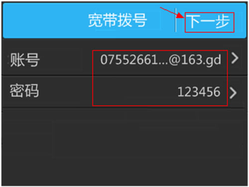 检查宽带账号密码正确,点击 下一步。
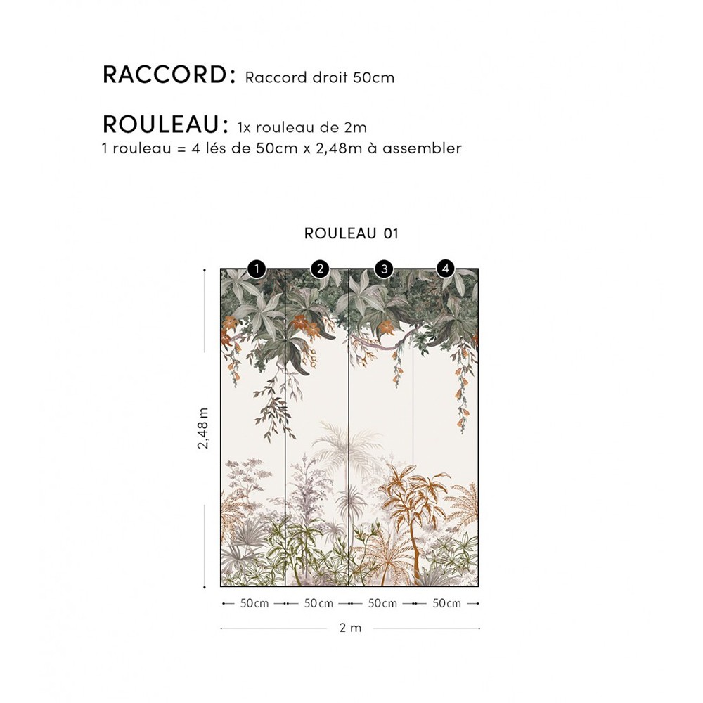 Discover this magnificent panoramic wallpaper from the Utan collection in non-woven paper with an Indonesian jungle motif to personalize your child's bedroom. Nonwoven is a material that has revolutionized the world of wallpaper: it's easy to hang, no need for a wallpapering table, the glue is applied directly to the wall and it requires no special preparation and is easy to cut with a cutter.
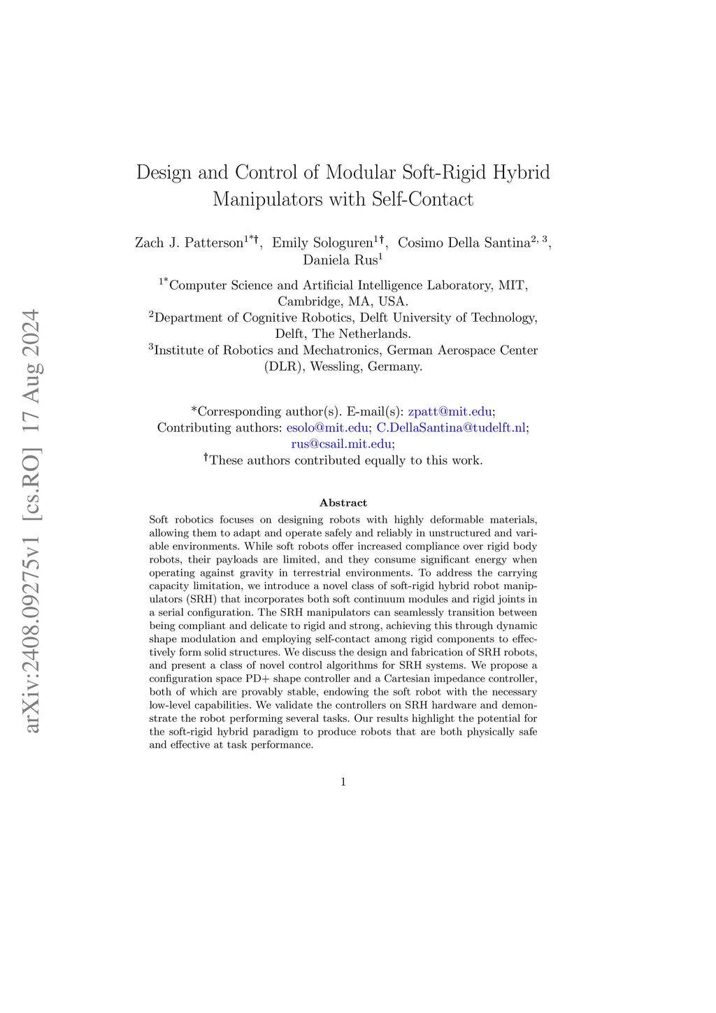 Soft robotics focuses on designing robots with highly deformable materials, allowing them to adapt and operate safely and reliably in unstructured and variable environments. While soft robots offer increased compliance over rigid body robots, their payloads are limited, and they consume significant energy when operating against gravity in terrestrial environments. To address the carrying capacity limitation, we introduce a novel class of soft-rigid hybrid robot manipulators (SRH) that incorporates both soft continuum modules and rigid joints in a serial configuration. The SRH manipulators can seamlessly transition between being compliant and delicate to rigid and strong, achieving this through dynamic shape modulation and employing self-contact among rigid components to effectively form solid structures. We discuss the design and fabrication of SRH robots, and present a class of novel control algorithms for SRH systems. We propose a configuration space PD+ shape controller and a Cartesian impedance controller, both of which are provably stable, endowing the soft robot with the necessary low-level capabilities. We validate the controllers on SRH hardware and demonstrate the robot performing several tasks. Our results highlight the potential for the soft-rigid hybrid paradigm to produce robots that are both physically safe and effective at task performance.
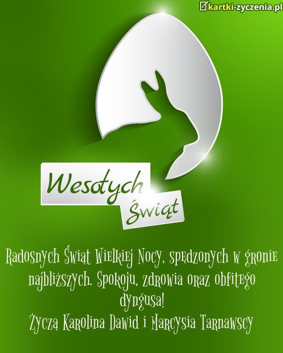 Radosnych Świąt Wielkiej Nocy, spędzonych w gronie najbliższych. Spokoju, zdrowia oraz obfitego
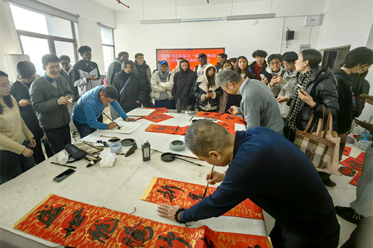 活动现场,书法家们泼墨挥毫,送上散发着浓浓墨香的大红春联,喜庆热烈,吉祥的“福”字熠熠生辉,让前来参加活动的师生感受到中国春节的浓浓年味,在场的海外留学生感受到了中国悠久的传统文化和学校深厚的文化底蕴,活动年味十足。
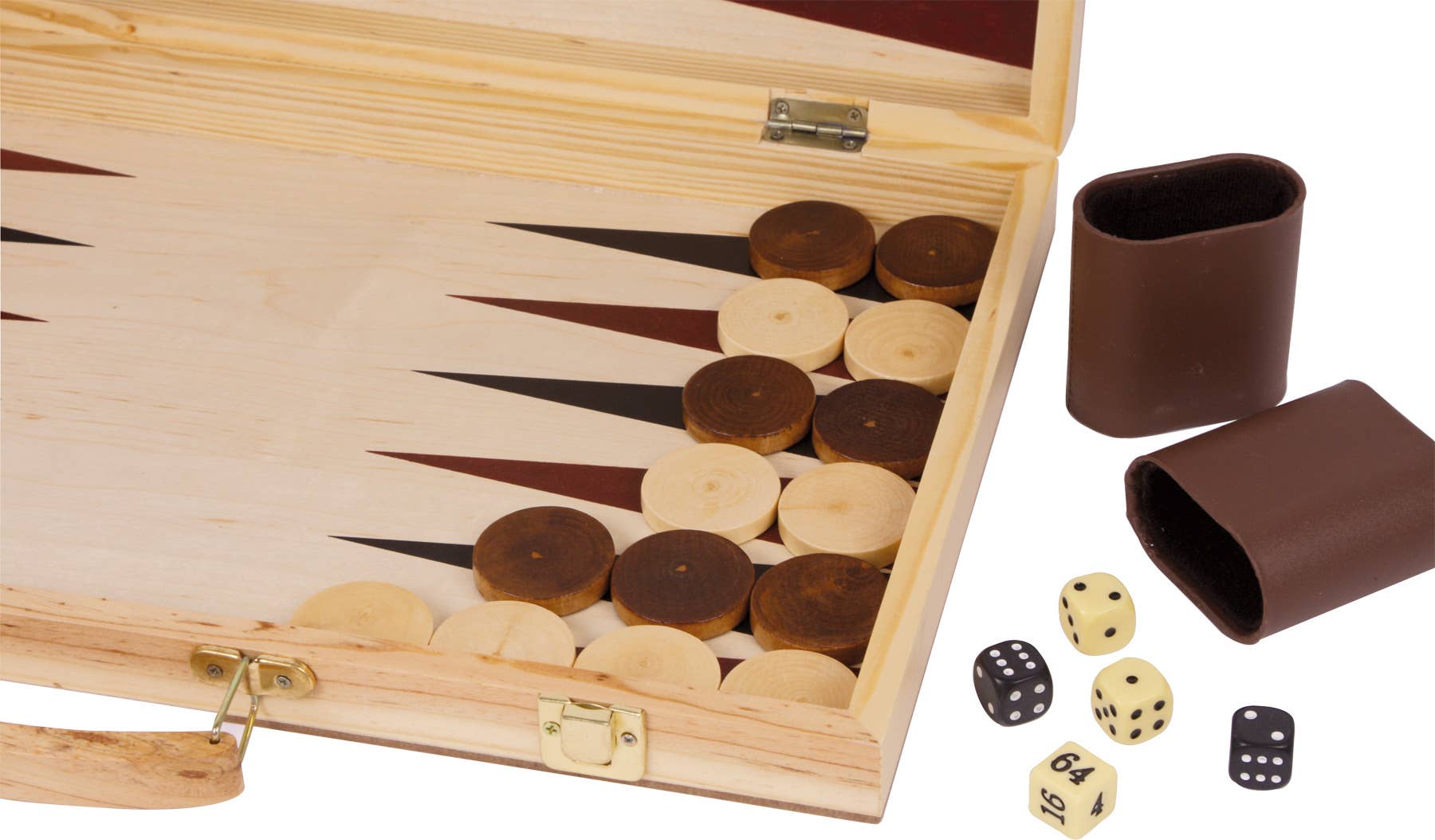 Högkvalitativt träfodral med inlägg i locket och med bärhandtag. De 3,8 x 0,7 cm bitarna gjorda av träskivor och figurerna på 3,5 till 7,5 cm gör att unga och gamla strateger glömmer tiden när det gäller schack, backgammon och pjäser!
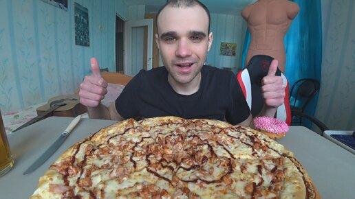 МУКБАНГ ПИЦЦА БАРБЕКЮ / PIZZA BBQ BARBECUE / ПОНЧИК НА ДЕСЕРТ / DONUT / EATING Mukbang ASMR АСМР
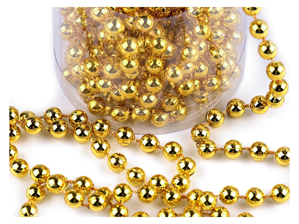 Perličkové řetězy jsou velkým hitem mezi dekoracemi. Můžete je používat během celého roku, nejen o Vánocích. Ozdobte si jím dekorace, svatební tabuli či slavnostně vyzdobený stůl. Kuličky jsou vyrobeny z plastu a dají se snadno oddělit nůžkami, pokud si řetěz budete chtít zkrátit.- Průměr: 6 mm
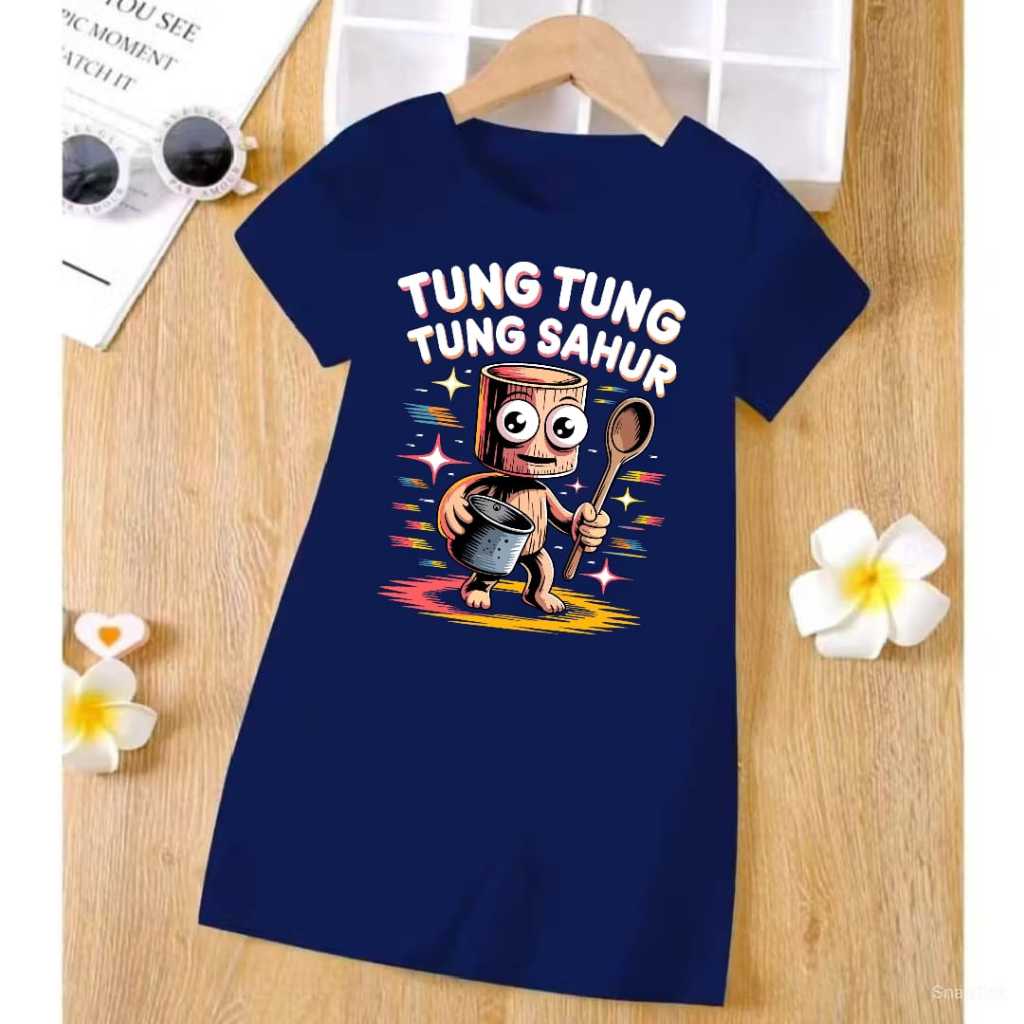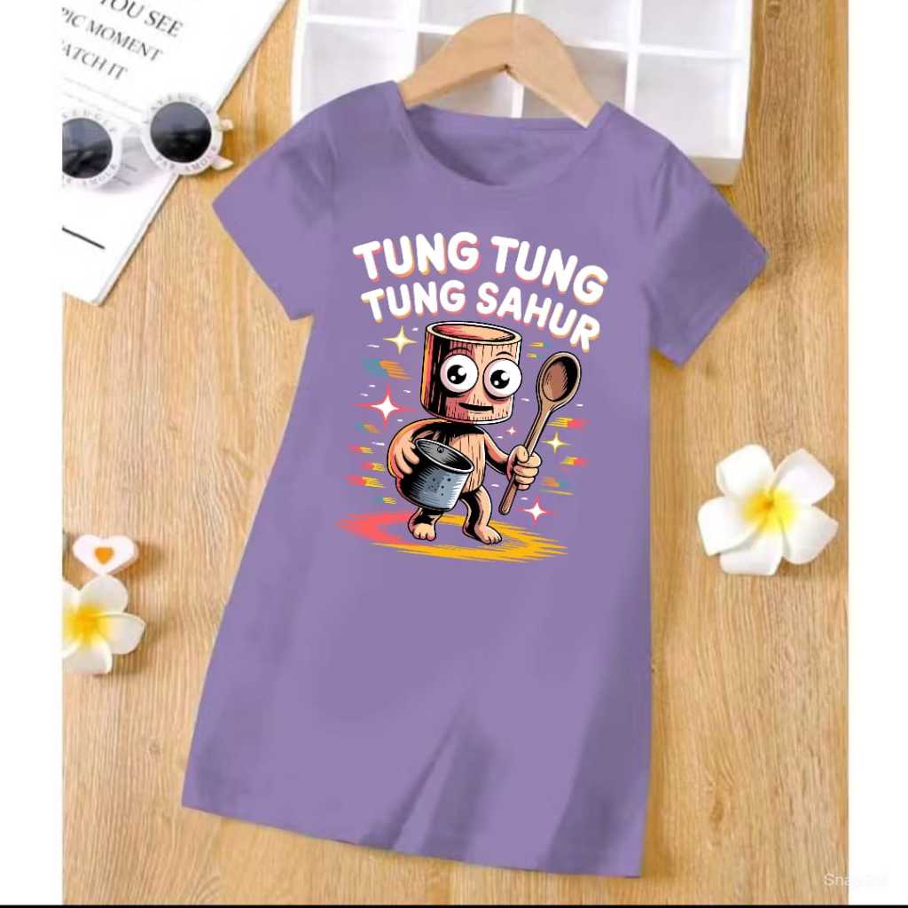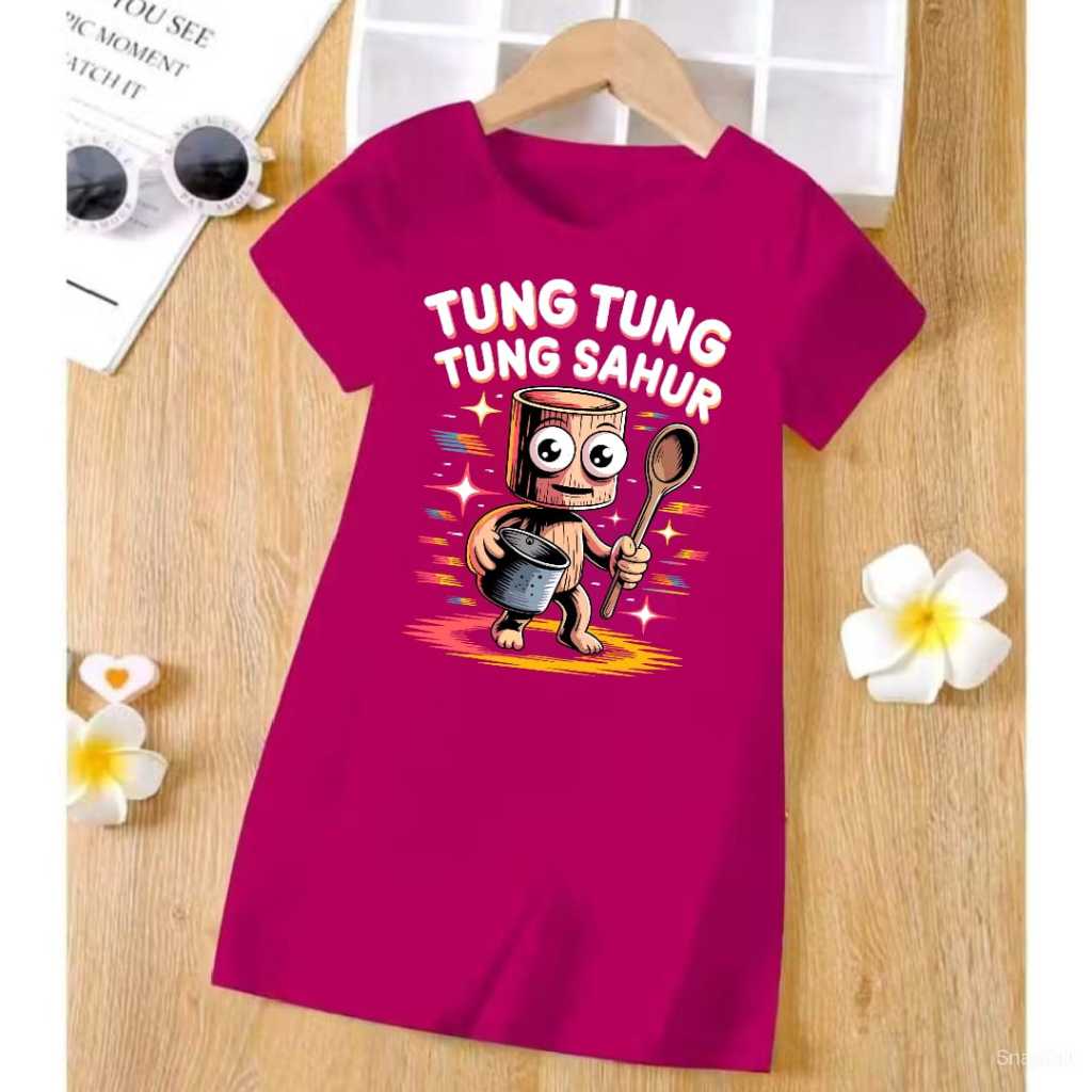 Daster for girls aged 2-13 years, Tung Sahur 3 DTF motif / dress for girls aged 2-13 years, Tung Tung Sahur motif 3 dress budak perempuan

----------

### [WHAT TO WORK ON]
The required output is every line from the one containing "Högkvalitativt träfodral med" through the last line of the records, inclusive, reproduced exactly and without pictures.

### [THE COMPLETED TASK]
 Högkvalitativt träfodral med inlägg i locket och med bärhandtag. De 3,8 x 0,7 cm bitarna gjorda av träskivor och figurerna på 3,5 till 7,5 cm gör att unga och gamla strateger glömmer tiden när det gäller schack, backgammon och pjäser!
 МУКБАНГ ПИЦЦА БАРБЕКЮ / PIZZA BBQ BARBECUE / ПОНЧИК НА ДЕСЕРТ / DONUT / EATING Mukbang ASMR АСМР
 Perličkové řetězy jsou velkým hitem mezi dekoracemi. Můžete je používat během celého roku, nejen o Vánocích. Ozdobte si jím dekorace, svatební tabuli či slavnostně vyzdobený stůl. Kuličky jsou vyrobeny z plastu a dají se snadno oddělit nůžkami, pokud si řetěz budete chtít zkrátit.- Průměr: 6 mm
 Daster for girls aged 2-13 years, Tung Sahur 3 DTF motif / dress for girls aged 2-13 years, Tung Tung Sahur motif 3 dress budak perempuan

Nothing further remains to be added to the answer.